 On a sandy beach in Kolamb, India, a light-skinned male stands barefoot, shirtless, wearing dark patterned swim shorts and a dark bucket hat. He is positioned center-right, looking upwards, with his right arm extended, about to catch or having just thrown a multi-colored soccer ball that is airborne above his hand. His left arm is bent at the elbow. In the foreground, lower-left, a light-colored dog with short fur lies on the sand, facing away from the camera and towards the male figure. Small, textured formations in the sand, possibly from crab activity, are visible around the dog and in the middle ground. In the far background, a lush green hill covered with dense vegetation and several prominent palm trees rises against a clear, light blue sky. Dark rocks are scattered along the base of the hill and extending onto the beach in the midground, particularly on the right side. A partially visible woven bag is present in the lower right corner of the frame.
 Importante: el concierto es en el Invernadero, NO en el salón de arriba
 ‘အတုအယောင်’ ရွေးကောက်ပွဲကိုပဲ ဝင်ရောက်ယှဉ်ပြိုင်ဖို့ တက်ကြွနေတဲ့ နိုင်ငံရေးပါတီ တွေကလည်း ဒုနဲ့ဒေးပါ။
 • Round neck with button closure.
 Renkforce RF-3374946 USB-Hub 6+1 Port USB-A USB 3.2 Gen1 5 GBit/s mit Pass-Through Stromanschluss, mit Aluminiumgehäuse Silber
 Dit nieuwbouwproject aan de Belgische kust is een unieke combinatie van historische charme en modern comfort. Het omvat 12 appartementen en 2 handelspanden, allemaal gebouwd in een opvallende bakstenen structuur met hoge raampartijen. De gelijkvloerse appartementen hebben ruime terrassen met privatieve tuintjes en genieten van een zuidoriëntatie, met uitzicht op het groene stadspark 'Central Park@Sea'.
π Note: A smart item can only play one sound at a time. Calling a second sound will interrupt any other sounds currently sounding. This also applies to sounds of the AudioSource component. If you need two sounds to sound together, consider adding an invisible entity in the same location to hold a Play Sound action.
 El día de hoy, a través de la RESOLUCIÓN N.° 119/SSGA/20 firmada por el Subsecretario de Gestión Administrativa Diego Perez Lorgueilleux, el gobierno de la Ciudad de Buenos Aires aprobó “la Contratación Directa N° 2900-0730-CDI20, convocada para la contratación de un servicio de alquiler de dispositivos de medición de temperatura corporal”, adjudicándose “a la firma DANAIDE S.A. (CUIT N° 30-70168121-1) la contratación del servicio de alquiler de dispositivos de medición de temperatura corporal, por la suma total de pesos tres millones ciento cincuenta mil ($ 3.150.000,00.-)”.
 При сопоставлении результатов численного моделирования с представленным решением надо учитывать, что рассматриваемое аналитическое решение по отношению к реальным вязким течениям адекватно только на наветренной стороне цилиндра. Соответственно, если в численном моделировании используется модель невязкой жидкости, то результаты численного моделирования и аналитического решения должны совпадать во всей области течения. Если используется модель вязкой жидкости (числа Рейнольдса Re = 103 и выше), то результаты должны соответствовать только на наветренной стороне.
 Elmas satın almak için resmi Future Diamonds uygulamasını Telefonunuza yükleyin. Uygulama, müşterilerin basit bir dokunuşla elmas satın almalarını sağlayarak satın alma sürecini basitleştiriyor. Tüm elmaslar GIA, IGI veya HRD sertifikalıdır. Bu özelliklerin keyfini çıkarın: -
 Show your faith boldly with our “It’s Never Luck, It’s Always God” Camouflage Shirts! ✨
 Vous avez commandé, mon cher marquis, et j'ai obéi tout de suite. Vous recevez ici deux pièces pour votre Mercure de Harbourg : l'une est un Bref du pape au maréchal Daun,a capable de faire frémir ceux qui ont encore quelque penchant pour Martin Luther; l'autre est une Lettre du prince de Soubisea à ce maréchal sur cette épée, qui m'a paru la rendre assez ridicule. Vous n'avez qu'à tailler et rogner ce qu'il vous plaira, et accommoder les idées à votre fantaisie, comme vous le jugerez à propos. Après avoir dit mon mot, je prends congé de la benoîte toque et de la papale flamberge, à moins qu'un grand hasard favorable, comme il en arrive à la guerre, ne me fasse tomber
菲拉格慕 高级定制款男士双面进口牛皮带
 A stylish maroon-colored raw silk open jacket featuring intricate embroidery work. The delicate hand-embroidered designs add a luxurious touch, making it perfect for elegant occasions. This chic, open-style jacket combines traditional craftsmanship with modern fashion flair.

## Requirement
Among the records above, a stretch begins at the line containing "π Note: A smart" and ends at the line containing "Show your faith". Restate that stretch word for word, and nothing else.

## Task solution
π Note: A smart item can only play one sound at a time. Calling a second sound will interrupt any other sounds currently sounding. This also applies to sounds of the AudioSource component. If you need two sounds to sound together, consider adding an invisible entity in the same location to hold a Play Sound action.
 El día de hoy, a través de la RESOLUCIÓN N.° 119/SSGA/20 firmada por el Subsecretario de Gestión Administrativa Diego Perez Lorgueilleux, el gobierno de la Ciudad de Buenos Aires aprobó “la Contratación Directa N° 2900-0730-CDI20, convocada para la contratación de un servicio de alquiler de dispositivos de medición de temperatura corporal”, adjudicándose “a la firma DANAIDE S.A. (CUIT N° 30-70168121-1) la contratación del servicio de alquiler de dispositivos de medición de temperatura corporal, por la suma total de pesos tres millones ciento cincuenta mil ($ 3.150.000,00.-)”.
 При сопоставлении результатов численного моделирования с представленным решением надо учитывать, что рассматриваемое аналитическое решение по отношению к реальным вязким течениям адекватно только на наветренной стороне цилиндра. Соответственно, если в численном моделировании используется модель невязкой жидкости, то результаты численного моделирования и аналитического решения должны совпадать во всей области течения. Если используется модель вязкой жидкости (числа Рейнольдса Re = 103 и выше), то результаты должны соответствовать только на наветренной стороне.
 Elmas satın almak için resmi Future Diamonds uygulamasını Telefonunuza yükleyin. Uygulama, müşterilerin basit bir dokunuşla elmas satın almalarını sağlayarak satın alma sürecini basitleştiriyor. Tüm elmaslar GIA, IGI veya HRD sertifikalıdır. Bu özelliklerin keyfini çıkarın: -
 Show your faith boldly with our “It’s Never Luck, It’s Always God” Camouflage Shirts! ✨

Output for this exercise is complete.